Starting point is 00:45:03 I mean, you just break everything up by the space. So for my purposes, this is text. Conceptually, MatchList is similar to what we saw with Eliza, just more complex. A MatchList program starts with a list of variables. These variables will be used to hold the decomposed text once everything's said and done. This is pretty nifty because instead of just getting a list of text chunks, you end up with nicely named variables. Very classy stuff. Matchless is strictly typed, so each variable has an associated type. That's not too weird for this type of system. It's actually kind of cushy. MatchList is smart enough to take variable typing into consideration

Starting point is 00:45:54 when performing decomposition. For instance, the word for list in MatchList is segment. If you say that one of your variables is a segment, then MatchList will only fill it with multiple chunks of text. Basically, if you ask for a list, you get a list. So far, this sounds reasonable, and it really is. There are very modern text processing tools that work in the same way as MatchList At least, conceptually. The syntax, well, that's a totally different story. The main function used in Matchless is called assign? That's with a question mark at the end. So, we have a function name, a built-in function name that ends in a question mark. I shouldn't have to say that's weird, but that's weird.

Starting point is 00:46:51 There's no reason it can't be legal, though, so I guess we're fine. The syntax for constructing patterns relies on prefixing variable names with operators. That's, uh, not super standard. It's more weird than anything, though. So, as a further example, the most basic operator is dollar sign underscore, which just means a sign. So, if I have a program that has one variable that's a segment called x, and the

Starting point is 00:47:26 pattern is $x, then I'm just looking for x to be a set of anything. Just anything turned into a list. Fine. Weird, but fine. We also get the beautiful and mind-numbing dollar sign dollar sign. This operation says to match the value of a variable. For example, let's say I have a program with the variable x, which is an atom, aka a single value. Dollar sign underscore x, dollar sign dollar signx would match two repeating values. So it would match 1, 1 or 2, 2, but not 1, 2. It gets a little bit strange here. So if you ran that program with the input 1, 1, the value of x at the end would be 1, which I get is just a little confusing. And if this is sounding like a mess, then you're starting to get it. Matchless is strange. And that

Starting point is 00:48:36 strangeness is indicative of the larger strangeness of Planner. This isn't even getting into more complex operators that can be used to construct patterns, or the fact that in this version of Planner, there are curly braces and parentheses that are mixed. It doesn't feel good to look at. The upshot here is that Matchless provides a very robust way to break up data. This is the first part of the NLP outline. Decomposition, parsing, whatever you want to call it. We have a nice pipeline that's growing here. Matchless can break down text into some model that a computer can work with. It needs a little help to do the whole text-to-list thing, but we can ignore that. Planner itself can

Starting point is 00:49:26 then be used to build out logical models. These models can be manipulated and prompted by incoming data. In other words, you can use Planner to develop a natural language processing system. The system is almost tailor-made for that purpose. So where do we go from here? Well, if I wanted to take a short route, we'd pick up the Prolog thread. The early history of Prolog runs in parallel to Hewitt's work on Planner. Prolog isn't initially influenced by Planner, the crossover comes a little later into the development story of Prolog. That said, the crossover comes a little later into the development story of Prologue. That said, Planner does give us an example of how a language can be specialized for NLP.

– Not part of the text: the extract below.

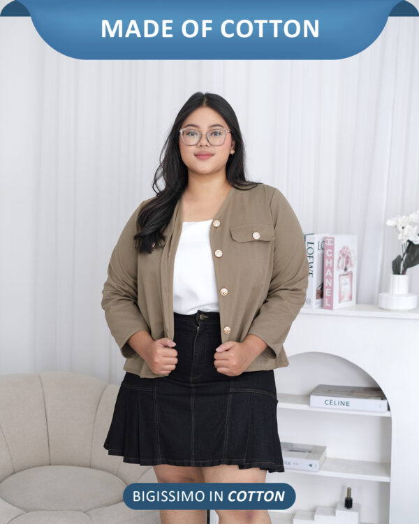 Desain blazer boxy ala Korean style dipadukan dengan detail kancing bulat gold, bikin look makin classy dan versatile

Starting point is 00:50:13 But, uh, I'm not going to do that. This is Advent of Computing, after all. I tend to favor these meandering paths. Instead, I want to shore up our understanding of natural language processing. Prologue proper can wait until next episode. Prologue is all about creating a better language for this type of niche. So the question is, what were people actually doing in this niche prior to prologue? What kind of natural language processing was going on in this era?

Starting point is 00:50:51 Luckily, an example is close at hand, and better still, this example uses Planner. One of the things that I really like about producing Advent of Computing is that it forces me to expand my horizons, so to speak. I'll be the first to admit that I'm not really a computer science guy. I'm a software developer, which is actually pretty different from a scientist. It's like theory versus practice, idea versus application. I learn best and I work best when I'm actually, you know, working. I will learn by doing sort of dude. Running this podcast hasn't made me a computer scientist, but it has forced me out of my comfort zone pretty regularly. I spend a lot more time reading and dealing with theory than I ever imagined I would. It's given me a newfound respect and understanding of computer science. I say this because it's time to return to my comfort zone. It's time to get into my

Starting point is 00:51:48 fancy pillow fort, put on my weighted blanket, and look at some actual software. So far this episode has been pretty heavy on theory. I want to close out by bringing us back to the ground, by reducing what we've learned to actual practice. It's time for a case study. The subject is... I don't know how to say this. Shurdlu. Let me just say, I hate this name. Apparently, it's a reference to some in-joke about old printing presses that, in my mind, printing presses, that, in my mind, somehow makes it worse. It's spelled S-H-R-D-L-U, and I'm going to try and pronounce it Sherdloo, since that's the only reasonable way I can think to deal with this. I think a flub should be just as recognizable as actual good pronunciation anyway, so we're going to be on the same page here.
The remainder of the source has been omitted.